Sunday, November 20th

3 - 5 pm

Cost: $30

Tuesday, November 8, 2011

mind space

Sometimes it's hard to tear myself away from my desk at home in order to go to the desk at work. Or anywhere for that matter. It's cheerful and inviting, especially when the stack of bills is mailed on its merry way and assorted papers have been filed or otherwise dealt with. Inspiration waits for me here, amid the paper clips and post-it notes. There's always a project or two that I want to delve into, a letter I want to write, an idea fluttering around to be captured in the butterfly net of imagination.

Saturday, November 5, 2011

swing time

Falling Back

Imagine Ginger, swirling away from Fred's outstretched
hands, then in again before an extravagant backward dip.
Outside, leaves are the color of her hair and today it is
we who fall back. A gift has been left anonymously
on the nightstand next to a cup of coffee with steam
swirling above the caramel surface. It is a
gently ticking clock, pewter with generous black
numerals on a white face, outstretched hands
beckoning to a place out of time.

Back to the carpet of camellia petals strewn across
the yard, to the startling yellow ginkgo tree on the
Episcopal church grounds, to the perfume of nutmeg,
clove and cardamon in a dense loaf of tea bread.
Back to mist shrouded mornings giving way to
golden afternoons, October disappearing into
brocaded, bejeweled November in a flurry of
sweet ghosts and remembered saints.

If this is a treatise on joy, it is also one of sorrow.
Of daylight and darkness, of the empty place at
the table, the toys boxed and placed in the attic,
the bulbs planted yesterday that will not break
ground until spring. At the very same time, it is
the sweet serendipity of a few more pages read
while curled up in the old wingback chair, of the
scarf finally knitted to fruition, of curried
carrot soup simmering on the stove.

©julie degni marr 2005

Wednesday, November 2, 2011

Pump up the Vitamin C

In order to make this crazy world work for you and not against you, you must decide what matters to you most and focus your attention on that. - from Crazy Busy by Edward M. Hallowell, M.D.

I had the great fortune to hear Harvard-educated psychiatrist Ned Hallowell speak this past Sunday. He's brilliant and eloquent, kind-hearted and totally down-to-earth. While he's written several excellent books, probably the best-known is Crazy Busy. Here are just a few nuggets of insight from his talk:

1. We are conditioned not to linger, ponder, reflect, go deeper.

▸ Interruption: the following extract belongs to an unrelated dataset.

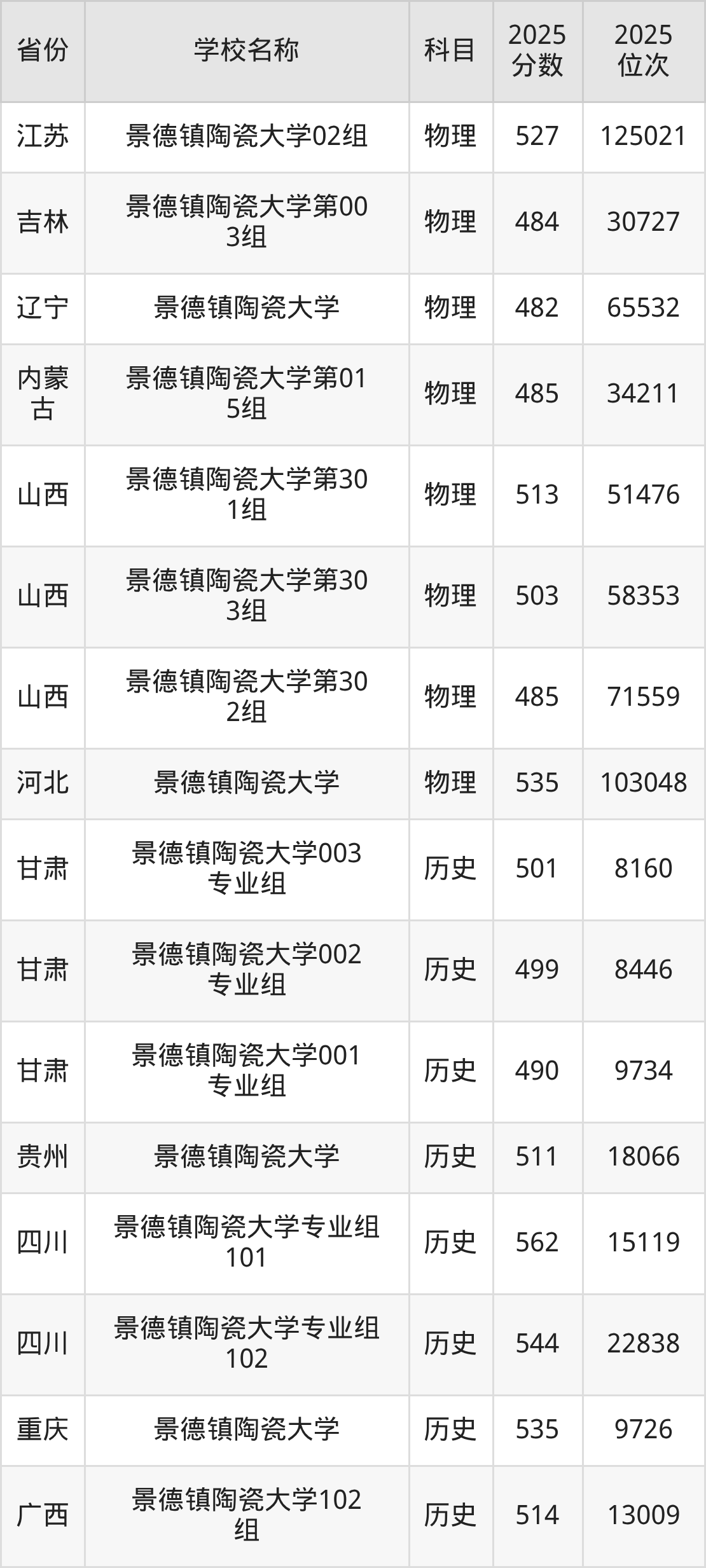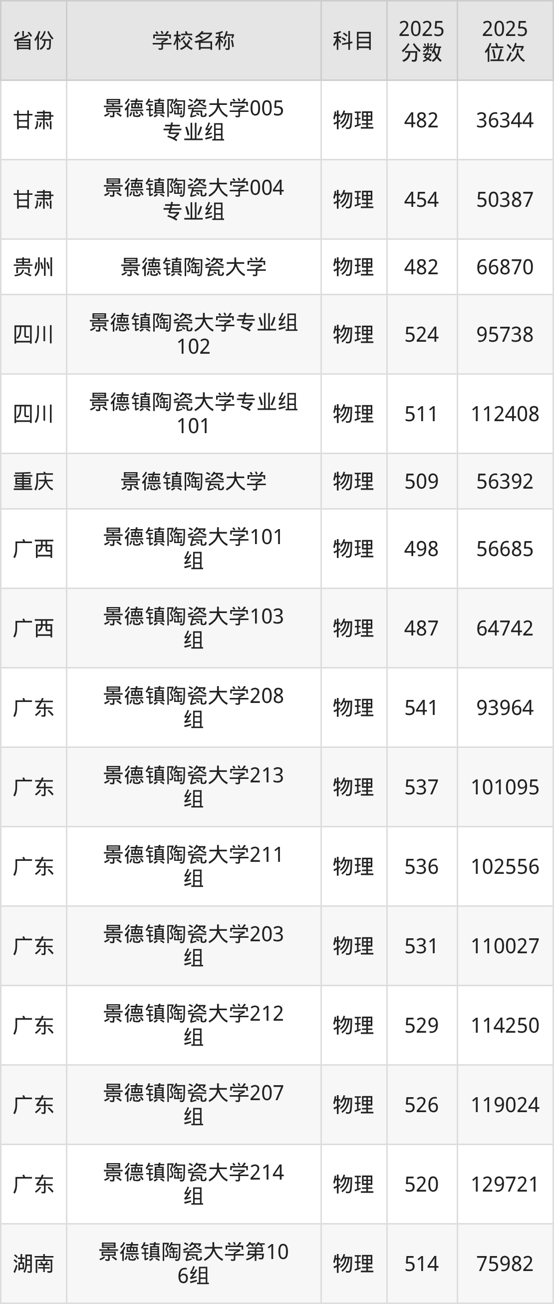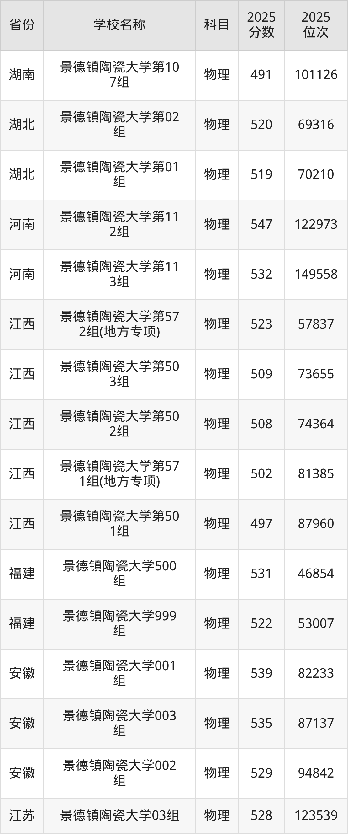 景德镇陶瓷大学2025年有5个专业组面向江西省内首选了物理科目的考生招生:

2. If we are not careful, our lives will become superficialized.

3. Nothing can match the human moment. It is 1000x more powerful than an electronic moment. Make judicious use of it. Commit to connecting to one another.

4. We need daily megadoses of Vitamin C (connect!) which is free and infinite. It helps us feel better, live longer, sleep better and do better at work, school, etc.

5. Getting rid of anger and resentment frees you for other things.

6. Saying 'no' allows for 'yes' to things that matter most to you. Just one cancellation can offer rejuvenation.

7. The biggest change in our world today is the obliteration of boundaries.

8. Your pain can be your biggest source of learning. Befriend it.

9. Create time. If you don't take control of your time, it will be taken from you.